The great temptation of an authentic person is denial. Who told you that you are naked: Eve: the serpent is to blame… Adam: the woman is to blame…the woman YOU GOD gave me, so actually you, God, are at fault. Nobody wants to take responsibility. Nobody wants to look reality in the eye. They lie to themselves. Authentic people live the truth, which sets them free. Lies burden down. Keep emprisoned. 

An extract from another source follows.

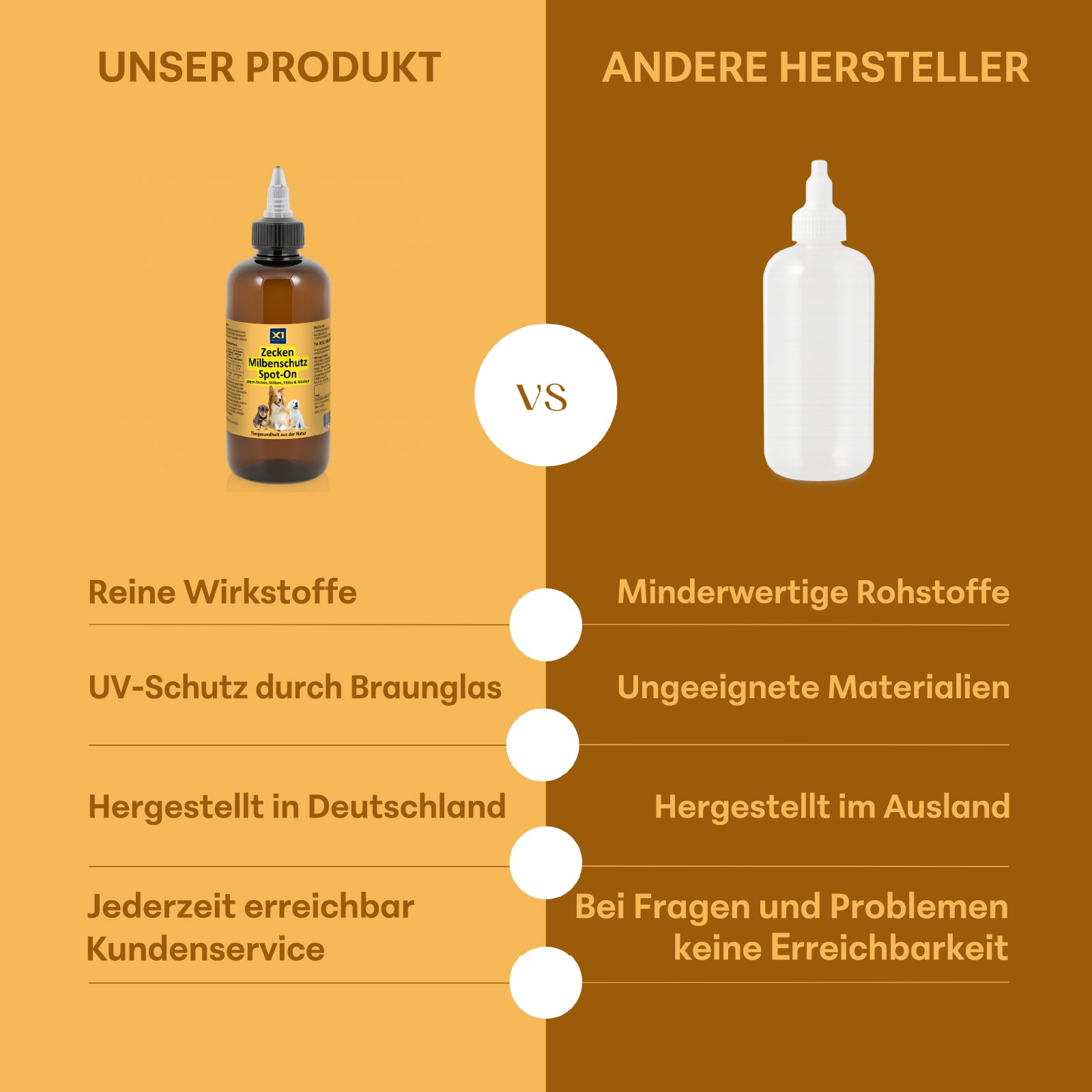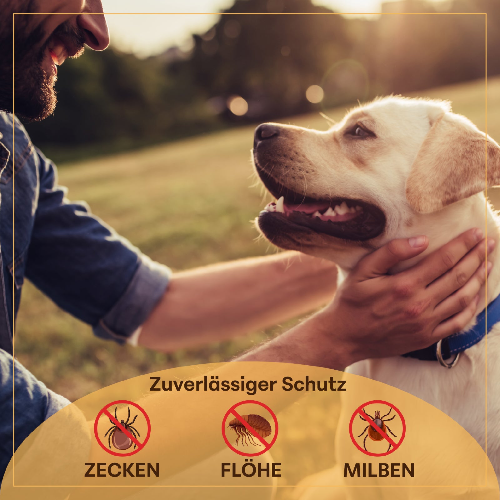 - hält Zecken, Flöhe, Milben und Haarlinge von Ihrem Hund fern

The author John Maxwell has a book called: “Great leaders ask great questions”. The path to recovery begins with a question: God probes into the wound. “Where are you?” „Where are you? Shouldn’t you, Adam, have kept the garden SAFE? Shouldn’t you have made sure that beast didn’t come into the garden at all, let alone allowing it go for coffee with your wife? And where were you when she was talking to the snake, the thing that could kill her and you?“

And why are you hiding now? It’s not as if Adam really believed God had no idea where to find him. And yet, it is this question, the question that lures us out of our hiding place, it is God´s question that brings us out from behind our backs to look at ourselves in the mirror, because that is where we had been hiding in order not to have to look at ourselves (to speak with St. Augustine, an early Christian thinker), because we were too ashamed. They were naked and ashamed. It is the loving call of the one who is serious about us, a call of love that allows us to look into the eyes of the infinitely loving Father again, his glance that wants to heal us. 

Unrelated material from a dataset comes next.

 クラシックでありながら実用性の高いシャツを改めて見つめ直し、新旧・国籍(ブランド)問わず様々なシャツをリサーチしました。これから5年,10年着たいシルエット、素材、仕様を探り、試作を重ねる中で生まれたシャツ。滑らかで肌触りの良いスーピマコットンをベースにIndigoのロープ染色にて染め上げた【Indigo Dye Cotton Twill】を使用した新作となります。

The denial of guilt leads directly to a lack of authenticity, to an increase in fig leaves, to encapsulate our hearts inside of an armored safe. We lose contact not only with God, but also with ourselves and with others…usually especially with those we have loved the most, those who are particularly close to us. The lie leads us away from our true core self. There is a nice word for this in German: the ENT-FREMDUNG. Alienation. The lie leads us into a foreign place, a place where we are not at home, where we are no longer with ourselves.

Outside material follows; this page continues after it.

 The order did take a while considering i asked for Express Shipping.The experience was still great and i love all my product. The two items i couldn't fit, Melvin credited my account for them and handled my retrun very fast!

But there is another level of missing authenticity. It is presented to us in the 2nd reading today: 

It’s about staring at the visible as the only important and real, the fading out of the invisible, but also of eternity, our eternal destiny. Some would say that the basic assumptions of the Enlightenment are being increasingly put into question. Among other things, the assumption that man encounters and evaluates reality merely through the use of his intellect. He simply looks at things as they are, freeing himself from the great mythical precepts such as those of religion, and weighing things up rationally. But. It doesn’t work like that. I don’t simply evaluate reality “as it is”. But “Which part of reality”? Because I don’t even look at most of it. When I’m driving, I have to concentrate on the road and pretty much everything else fades into the background. There is a mental sickness that causes people to be overwhelmed by life because they can no longer manage to block out everything unimportant from the vast amount of information that is bombarding us at any given moment. Because I have a goal to focus my attention on, I can move around in the world at all. 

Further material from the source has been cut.